Doosan Infracore zeigt als Werkzeugmaschinenbauer international Präsenz

Spätestens seit der Übernahme der Werkzeugmaschinensparte von Daewoo im Jahr 2005 gehört das Unternehmen auch international zu den bedeutendsten Werkzeugmaschinenbauern. Doosan Infracore sieht sich selber weltweit als Nummer 5 im Bereich spanende Werkzeugmaschinen.

Der internationale Werkzeugmaschinenindex des amerikanischen Verlagshauses Gardner, der Zerspanung und Umformtechnik gemeinsam betrachtet, führt die Koreaner immerhin auf Platz 11. „Wir wollen 2015 der weltweit größte Werkzeugmaschinenbauer für Zerspanungsmaschinen sein“, erklärt Edward Kim, stellvertretender Leiter des Übersee-Verkaufsteams von Doosan. Die Kapazität soll für die ehrgeizigen Wachstumspläne von jährlich 10000 Maschinen in den kommenden fünf Jahren auf 20000 Maschinen ausgebaut werden.

Ähnlich offensiv zeigen sich auch andere Unternehmen: „Wir versuchen, unter die Top 5 der Welt zu kommen“, sagt B. K. Chang, stellvertretender Leiter des Überseeverkaufs von WIA. Bereits das Kürzel, das für World Industries Ace steht, soll das Selbstvertrauen der Werkzeugmaschinen-Sparte des Hyundai-Kia-Konzerns signalisieren.

Während die großen koreanischen Werkzeugmaschinenbauer den Anspruch auf Weltmarkt-Führung offen ausdrücken, sind im persönlichen Gespräch auch Zeichen für Zweifel erfahrbar. „Welche koreanischen Unternehmen halten Sie für international wettbewerbsfähig?“ Diese eher auf die Hersteller aus der zweiten Reihe abzielende Frage stellte eine koreanische Marktbeobachterin bei der diesjährigen Werkzeugmaschinenmesse Simtos.

Werkzeugmaschinenbauer fürchten Konkurrenz aus China

Vor allem vor China herrscht eine große Angst. „Die Chinesen sind uns schon sehr nahe gekommen“, äußert sich Komma-Chef Ryu, der zugleich Geschäftsführer von Hankook ist, nachdenklich. Gerade einfache Maschinen werden vermehrt in China gebaut. Der Werkzeug- und Formenbau hat einen Exodus ohnegleichen in Richtung des mächtigen nördlichen Nachbarn hinter sich.

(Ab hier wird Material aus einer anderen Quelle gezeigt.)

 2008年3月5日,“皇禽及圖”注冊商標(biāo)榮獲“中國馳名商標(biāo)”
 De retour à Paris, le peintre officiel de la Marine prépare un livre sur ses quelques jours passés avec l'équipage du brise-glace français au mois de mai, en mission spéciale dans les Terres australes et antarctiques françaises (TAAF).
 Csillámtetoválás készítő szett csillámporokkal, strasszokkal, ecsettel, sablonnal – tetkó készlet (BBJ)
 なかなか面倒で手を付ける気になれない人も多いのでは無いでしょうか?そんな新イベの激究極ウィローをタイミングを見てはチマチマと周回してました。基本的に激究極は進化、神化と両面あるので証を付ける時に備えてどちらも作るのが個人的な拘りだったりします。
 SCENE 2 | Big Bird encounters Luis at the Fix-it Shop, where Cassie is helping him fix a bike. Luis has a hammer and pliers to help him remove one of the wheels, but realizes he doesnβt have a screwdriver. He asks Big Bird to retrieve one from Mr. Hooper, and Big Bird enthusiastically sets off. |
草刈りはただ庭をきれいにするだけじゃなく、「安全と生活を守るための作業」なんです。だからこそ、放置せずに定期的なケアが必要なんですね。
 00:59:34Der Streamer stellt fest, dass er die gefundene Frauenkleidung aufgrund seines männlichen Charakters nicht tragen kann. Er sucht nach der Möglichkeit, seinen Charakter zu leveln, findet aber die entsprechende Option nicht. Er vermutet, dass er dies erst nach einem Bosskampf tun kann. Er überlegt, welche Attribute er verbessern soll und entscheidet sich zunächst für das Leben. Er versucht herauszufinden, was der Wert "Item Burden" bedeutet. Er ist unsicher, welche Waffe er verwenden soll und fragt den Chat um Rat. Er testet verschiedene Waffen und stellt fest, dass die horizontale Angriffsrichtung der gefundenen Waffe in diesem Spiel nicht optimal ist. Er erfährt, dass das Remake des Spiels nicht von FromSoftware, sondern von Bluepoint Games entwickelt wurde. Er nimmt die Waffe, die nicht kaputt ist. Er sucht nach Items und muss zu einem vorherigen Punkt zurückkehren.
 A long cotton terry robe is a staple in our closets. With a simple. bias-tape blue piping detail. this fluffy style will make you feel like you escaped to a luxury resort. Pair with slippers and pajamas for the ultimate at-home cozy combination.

Südkoreanische Unternehmen versuchen gegenzusteuern, indem sie einfache Maschinen, die nur für den chinesischen Markt bestimmt sind, vor Ort in China produzieren. Doosan Infracore stellt dort jährlich 1000 Maschinen her.

Standardmaschinen rentieren sich in Korea nicht mehr

WIA-Manager B. K. Chang bringt die aktuelle Entwicklung auf den Punkt: „In China möchte jeder eine billige Maschine. Diese Standardmaschinen rentieren sich für uns aber nicht mehr, weil die Lebenshaltungskosten in Korea so hoch sind.“ Deshalb müssten die Koreaner bessere und vielfältigere Maschinen bauen als vor ein paar Jahren – und sich neue Märkte erschließen.

Abgesetzt werden sollen die besseren Maschinen, darin sind sich die Experten einig, verstärkt im Ausland. Nicht zuletzt deshalb hat Komma-Geschäftsführer Ryu sich verstärkte Marktpräsenz außerhalb von Korea als vorrangige Aufgabe gesetzt – und Deutschland spielt dabei eine wichtige Rolle.

Beispiel 1: Südkorea ist das einzige asiatische Zielland der AMB 2008, also der ausstellerstärksten deutschen Werkzeugmaschinenmesse in diesem Jahr. Beispiel 2: Südkorea ist Partnerland der nächsten Hannover-Messe, wodurch der drastische Wandel des koreanischen Maschinenbaus auch auf der weltweit größten Industriemesse mit ihren vielen tausend Besuchern klar erkennbar sein wird.

Bis zum Termin der Hannover-Messe im April 2009 wird der Inhalt einer wuchtigen braunen Lattenholzkiste, die in einer der Werkhallen in Changwon-City auf ihre Verschiffung wartet, längst seinen Betrieb aufgenommen haben. Der Adressaufkleber auf dem Lieferschein verrät das Ziel: Russland.